• WHAT YOU SHOULD DO:
Reproduce the following data exactly, minus any images.

• PROVIDED DATA:
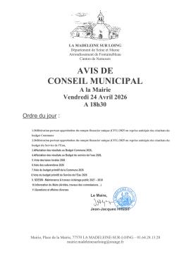 Le conseil Municipal est convoqué le vendredi 24 avril 2026 à 18h30.
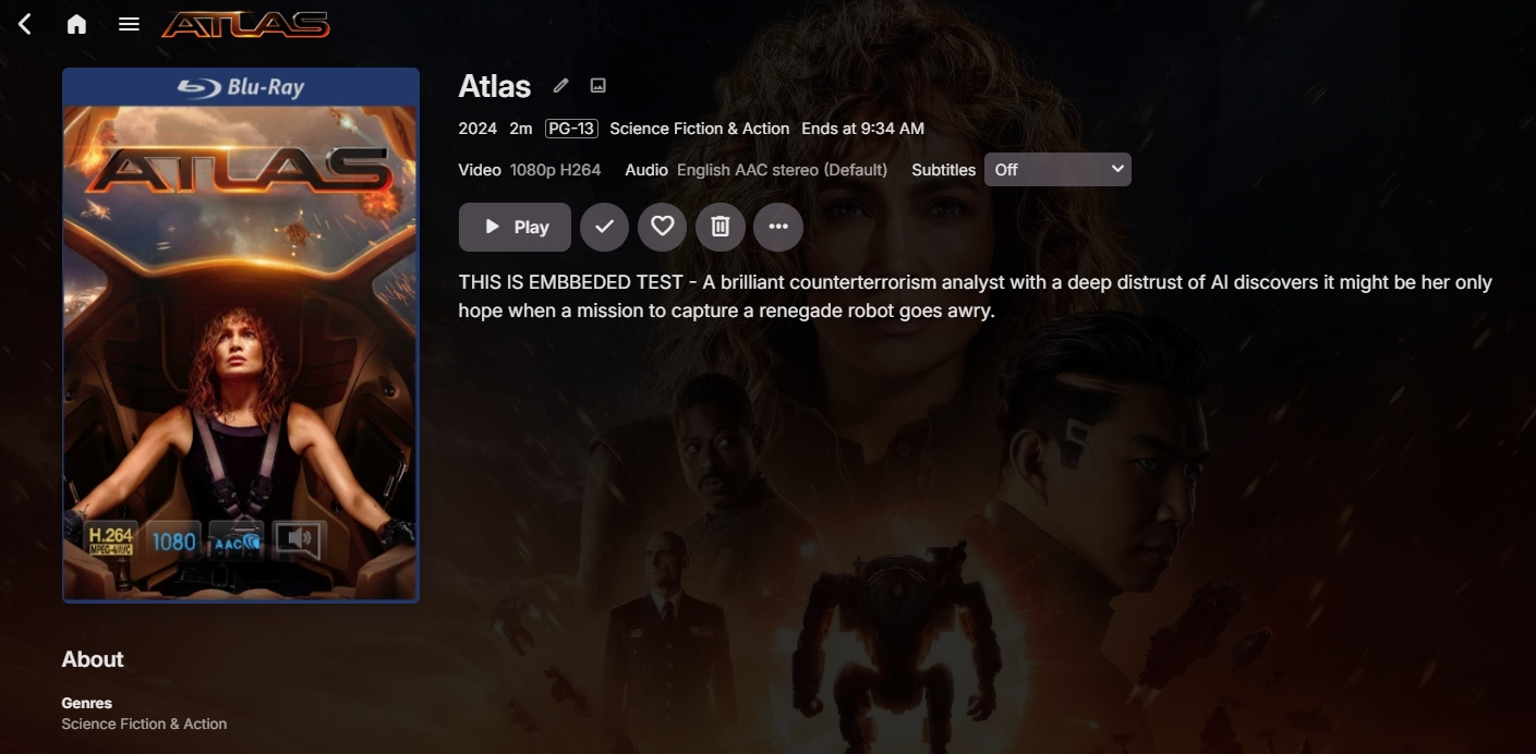Happy2Play 9781 Posted September 5, 2024 Posted September 5, 2024 With disabled providers Emby read the embedded info. As you can see from the overview and the wrong genre format. But yes if providers are enabled online data can replace embedded data as technically there is a lot of missing data as I did not include cast as it is always in the wrong format.
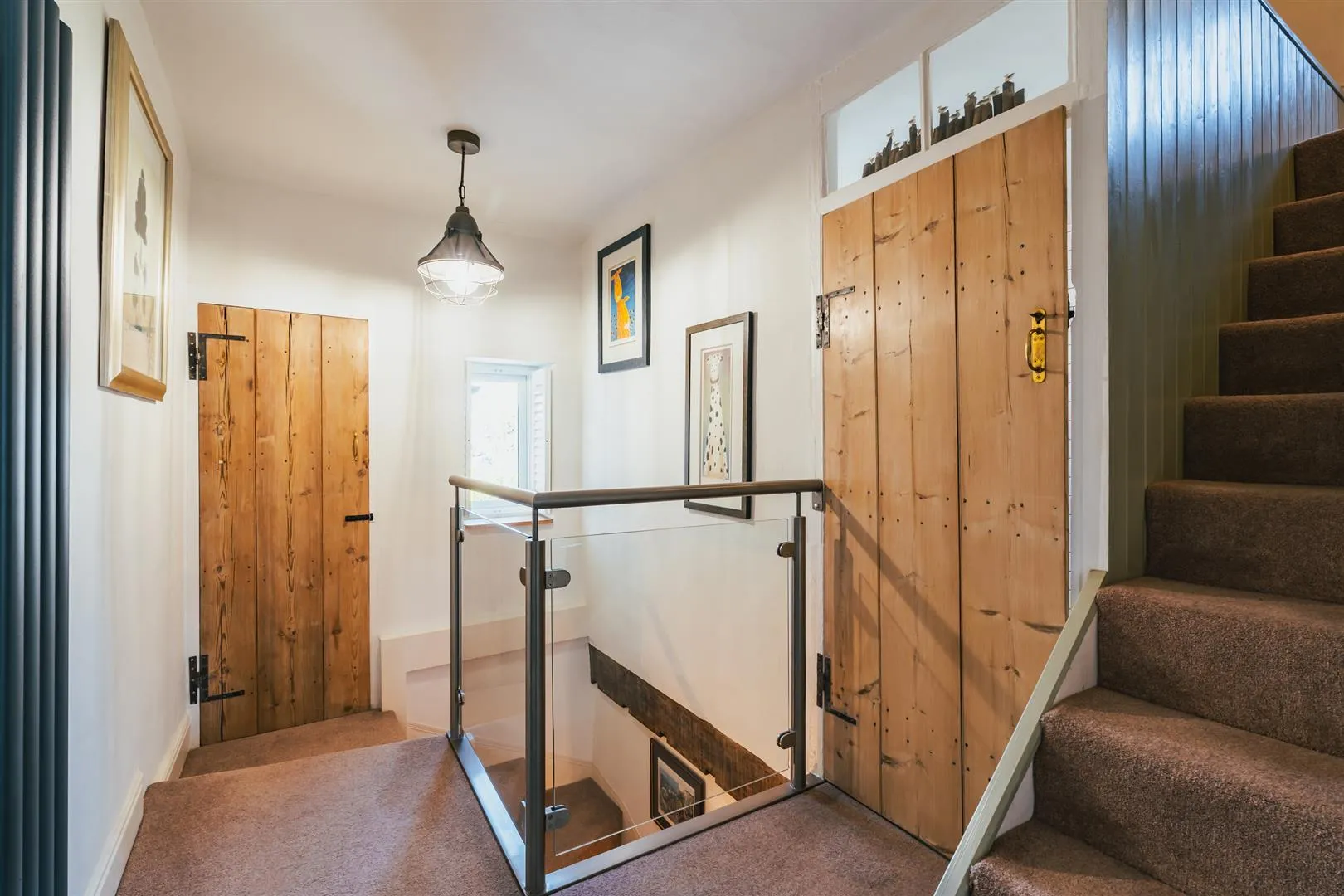 From the landing, a staircase with glazed balustrading rises to the:

• SOLUTION FOR THIS EXERCISE:
 Le conseil Municipal est convoqué le vendredi 24 avril 2026 à 18h30.
Happy2Play 9781 Posted September 5, 2024 Posted September 5, 2024 With disabled providers Emby read the embedded info. As you can see from the overview and the wrong genre format. But yes if providers are enabled online data can replace embedded data as technically there is a lot of missing data as I did not include cast as it is always in the wrong format.
 From the landing, a staircase with glazed balustrading rises to the:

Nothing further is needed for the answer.